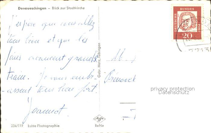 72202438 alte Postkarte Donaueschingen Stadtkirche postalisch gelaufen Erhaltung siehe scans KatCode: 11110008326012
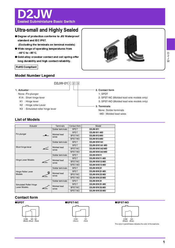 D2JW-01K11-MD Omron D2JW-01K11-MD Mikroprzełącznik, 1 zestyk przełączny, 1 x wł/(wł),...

----

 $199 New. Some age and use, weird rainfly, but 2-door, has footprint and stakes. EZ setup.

----

:: WHAT NEEDS TO BE DONE ::
Output exactly the lines above, from the line with "72202438 alte Postkarte" to the line with "D2JW-01K11-MD Omron D2JW-01K11-MD", both included; skip the pictures.

:: TASK RESULT ::
 72202438 alte Postkarte Donaueschingen Stadtkirche postalisch gelaufen Erhaltung siehe scans KatCode: 11110008326012
 D2JW-01K11-MD Omron D2JW-01K11-MD Mikroprzełącznik, 1 zestyk przełączny, 1 x wł/(wł),...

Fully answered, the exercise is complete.